Johnson responded by saying that, “if we’d listened to Captain Hindsight in July we’d still be locked down now”.

But beneath the knockabout it was possible to discern the shape of the titanic political struggle over the next two or three years. The Blairite minister to whom I spoke this morning compared Johnson’s strategic sense of politics to Blair’s: “It was a real coup yesterday.” Johnson had worked out where public opinion lay on the NHS and realised that his party wouldn’t be able to stop him laying claim to Labour territory.

For the moment, Johnson is master of all that he surveys.

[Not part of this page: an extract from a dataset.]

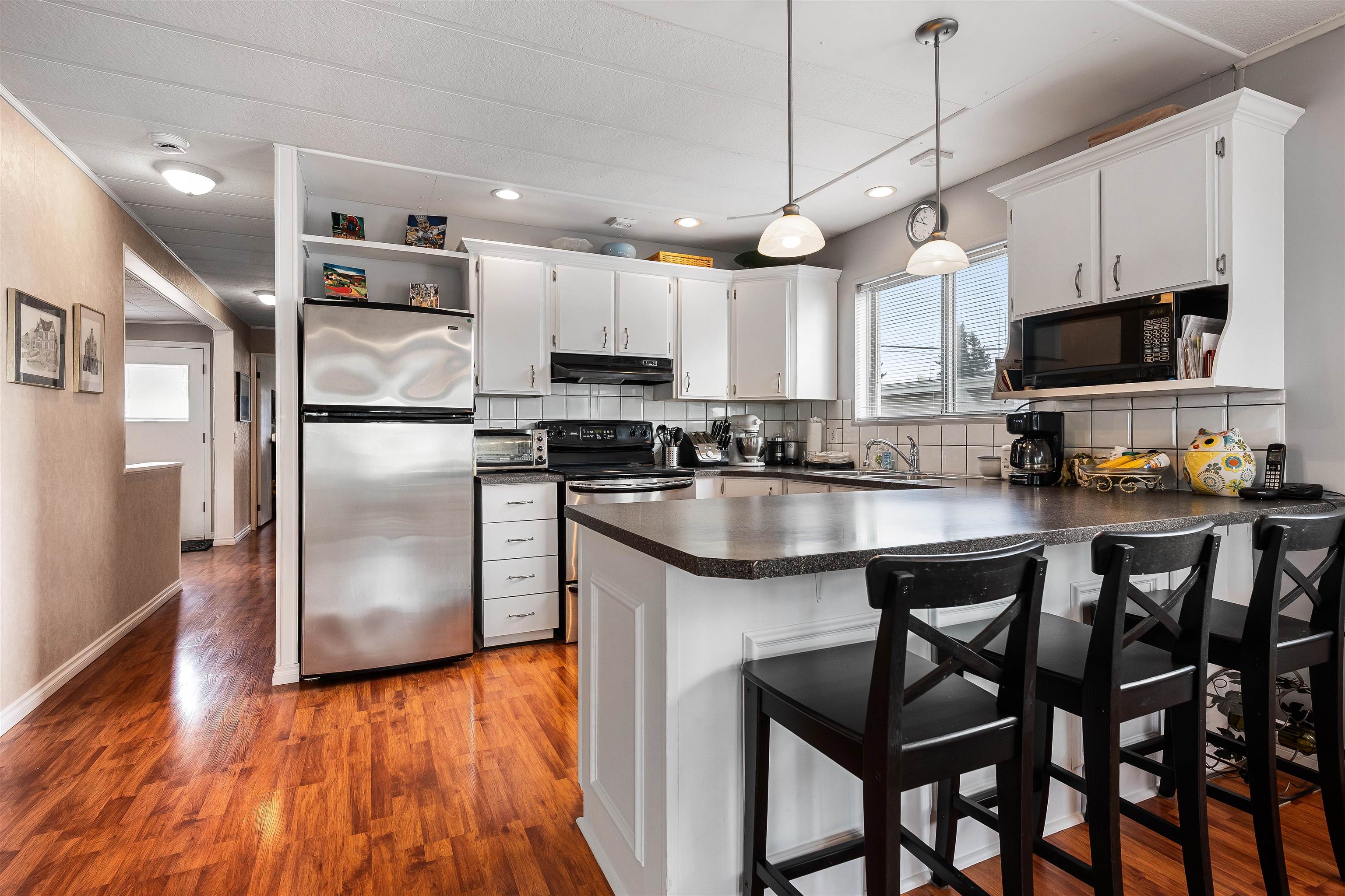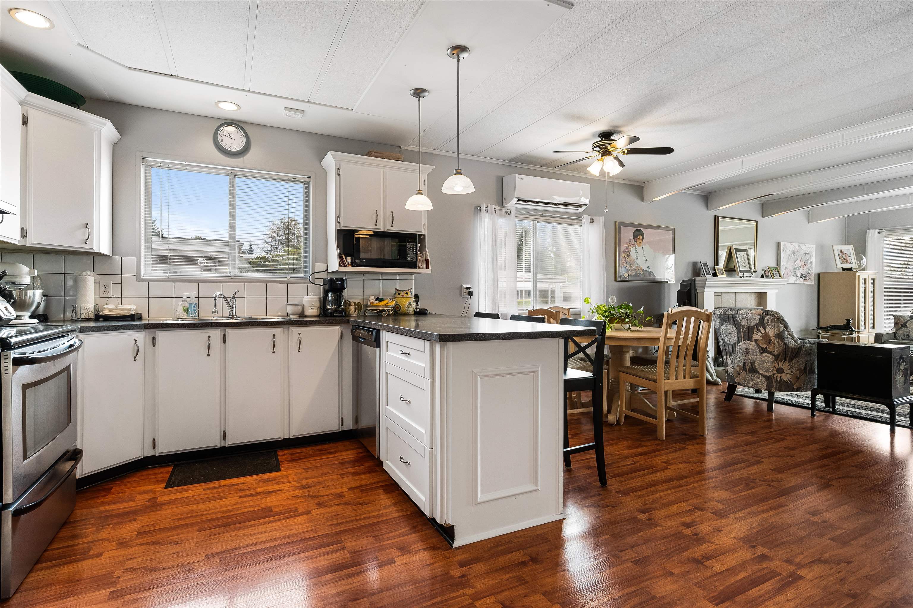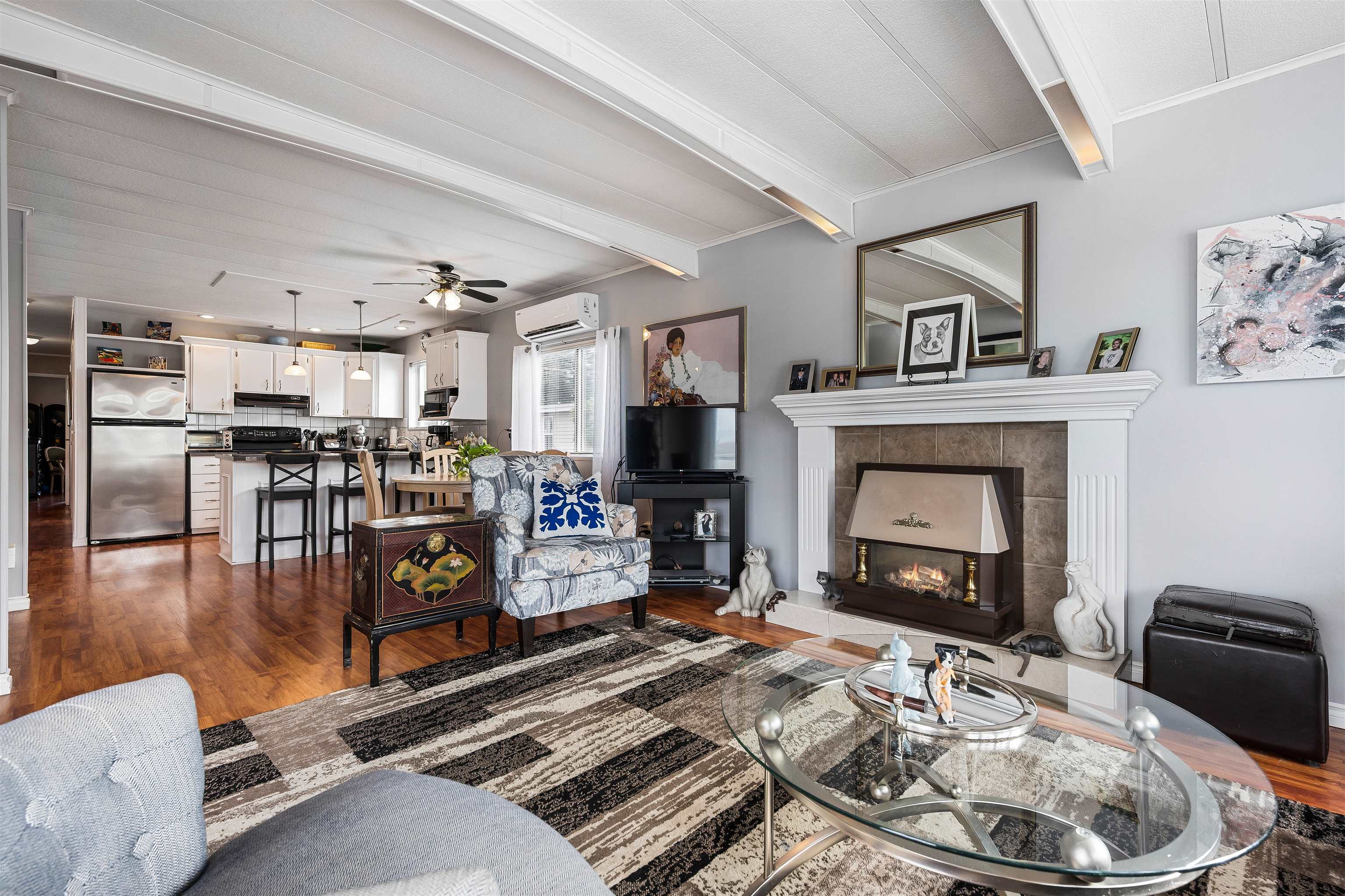 Nestled in the tranquil 55+ community of Pioneer Park in Aldergrove, #165 offers a peaceful retreat close to shopping and amenities, with serene farm surroundings near the US border. This move-in ready home, lovingly maintained by the same owner for 20 years, features 2 bedrooms, 2 bathrooms, and modern updates. Enjoy an open-concept living area with a gas fireplace and abundant natural light from south-facing windows. The updated kitchen boasts stainless steel appliances, while a heat pump ensures year-rou...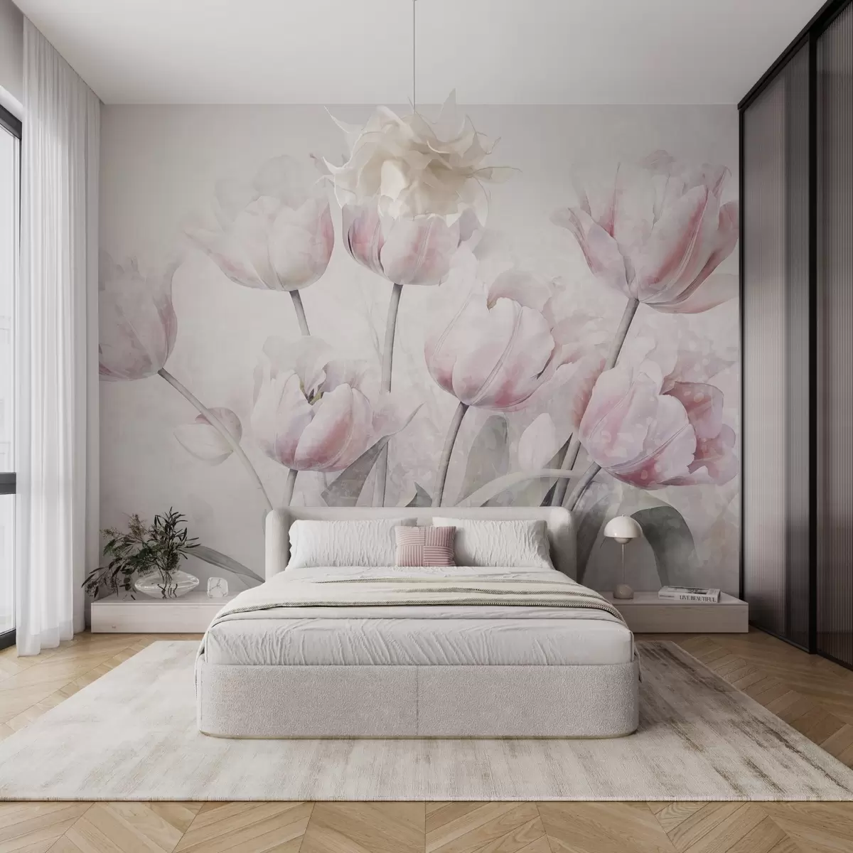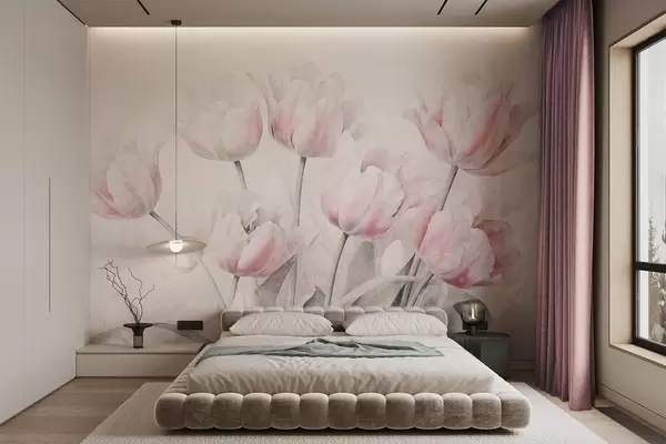 Фототапет Розови текстурирани лалета със зелени листа, мека светлина, винтидж акварелен стил, деликатни движения на четката Nr w09220

Starmer cannot pin down the ideological shapeshifter who has used the advantage of power to set the tempo, proposing a tax rise with little warning and pushing it through parliament before MPs have had time to work out what the problems with it might be.

Nor can Starmer compete with Johnson on the show-off qualities of the populist extrovert, although he did better today to look as if he were patronising the prime minister with an air of relaxed and indulgent contempt.

But the doubts will creep in. The instant opinion polls on the tax rise are not so favourable to the prime minister that he can rely on voters welcoming the chance to pay higher taxes themselves in April next year, rather than assuming that someone else will pay.

Starmer’s questions today laid the ground for the criticisms of tomorrow, when the NHS backlog proves difficult to clear – at least Blair tried to match more funding with reform, whereas Johnson seems to be simply throwing money at the problem. Then there will be the inevitable disappointments when it turns out that the social care problems have not been solved when the new arrangements finally start in October 2023. People will still have to sell their homes to pay for care, and yesterday’s promise that no one will have to spend more than £86,000 in their lifetime turns out not to include the “hotel costs” – board and lodging – in a care home.

Johnson had the upper hand today, but Starmer may have the advantage when the hubbub of a noisy Prime Minister’s Questions has died down.